All Blacks head coach Steve Hansen is preparing himself to make some tough calls as the deadline for his World Cup squad inches closer and closer.
There is plenty of competition for spots throughout the side, with positions such as prop, midfield and the outside backs particularly log-jammed as World Cup contenders battle it out against one another in Super Rugby for a ticket to Japan.
However, it is the role of blindside flanker that has Hansen most concerned in the lead-up to the global showpiece event.
The All Blacks are yet to find a long-term replacement for veteran Jerome Kaino, who played the last of his 81 tests against the British and Irish Lions in 2017 before departing to Toulouse last year.
Liam Squire has been seen as Kaino’s most likely successor since then, playing in 15 tests in that timeframe, but the challenges of Vaea Fifita (eight tests) and Shannon Frizell (four) have complicated selection matters for Hansen.
With no clear favourite to start in the number six jersey, Hansen told Newstalk ZB that he hoped someone would stake a claim for the starting role before the tournament commences in September.
“We’d like to really establish someone in JK’s old role at six,” he said.
“Liam Squire’s done a really good job there but he’s been injured. We’ve got Shannon, we’ve got Vaea, and Akira’s starting to play well for the Blues after a good season with Auckland.
“There’s people putting their hand up, but they’re probably not as established as we’d like going into a World Cup.”
Squire is working through an ongoing hip injury, and should be available for Super Rugby selection in a couple weeks’ time, while Frizell and Ioane have been standouts in the competition’s opening rounds for the Highlanders and Blues, respectively.
Hansen said that given the lack of established squad members in comparison to previous World Cup cycles, there is potential to for a bolter to be selected in the same ilk that Nehe Milner-Skudder was plucked from obscurity to star in 2015.

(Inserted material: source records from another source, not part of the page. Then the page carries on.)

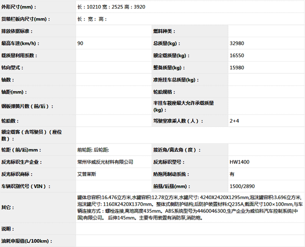 鞍山衡業(yè)AS5333GXFPM170/H5泡沫消防車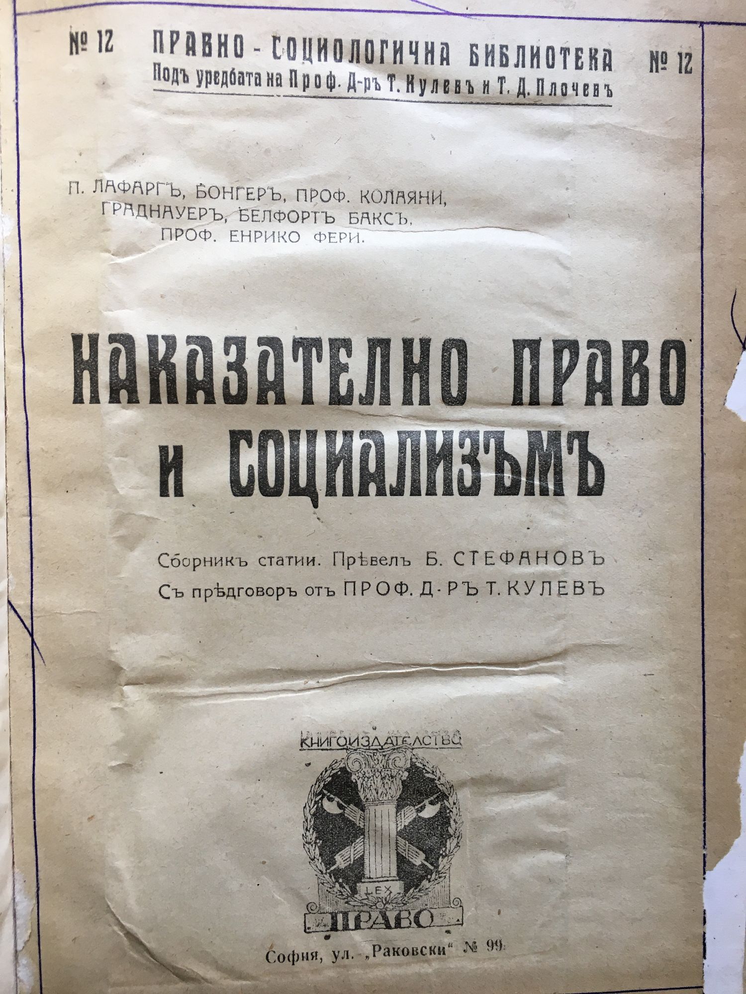 от Пол Лафарг, Бонгер, проф. Калояни, Граднауер, Белфорт Бакс, проф. Енрико Фери, Николай Ил. Икономов
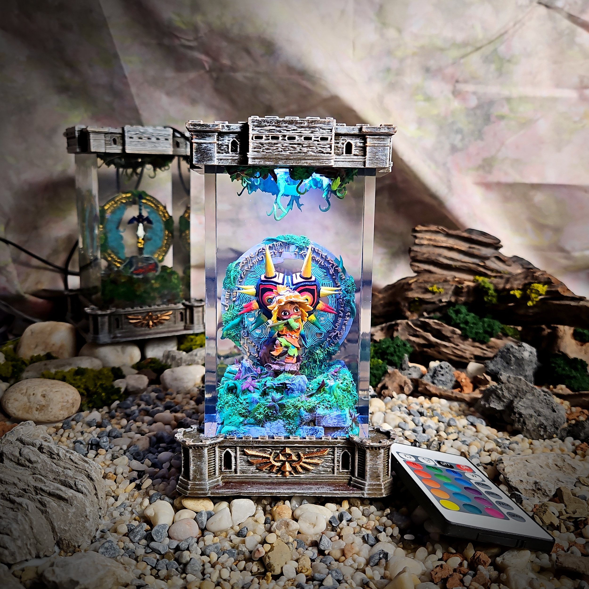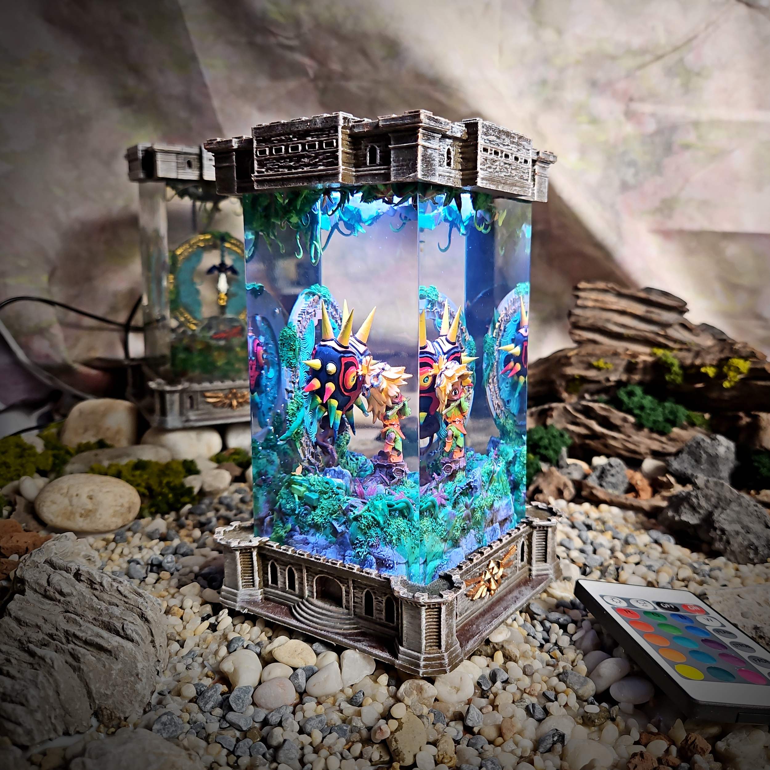 Inspired by Majora’s Mask, this hauntingly beautiful resin lamp features the mysterious mask with its intense eyes and intricate patterns. The Majora Resin Lamp captures the surreal, dark magic of this legendary artifact.

“This year, probably more than previous tournaments, there’s room, because we’ve got some important decisions to make in certain positions, it’s going to be about who puts their hands up and does it. In a couple of positions we probably don’t have as many [options] as we’d like.
“We’re still open to adding more names to [our selection discussions] as we watch Super Rugby. Most New Zealanders could pick 25 or so [of the World Cup squad], but it’s getting that last six or seven players right, that’s the difficult part and the art of a good selector.
“We’ve got good flexibility around what we want to select – the type of player we think we’re going to need for the tournament, they’ve got to be good athletes and have great mental fortitude, but they’ve also got to be able to do their job at a really high level. There’s no stone being left unturned.”
Hansen’s selection process will include more scrutiny being applied in the final rounds and play-offs of Super Rugby, with the ability to handle high-pressure situations playing a key role in uncovering a potential World Cup bolter.
“We’re looking for people who can show you, particularly in the business end of Super Rugby, that they can cope with the heat of the fire and the pressure that comes with it,” he said.
“That’s why the latter games of the tournament are so important because that’s when the pressure is really on.
“That will show you how they cope, but it’s another level when you get to the All Blacks, you haven’t just got your franchise looking at you, you’ve got the whole nation.
“For some, it can be overwhelming, and you’ve got to take the time with them so they can grow and learn to cope with it.”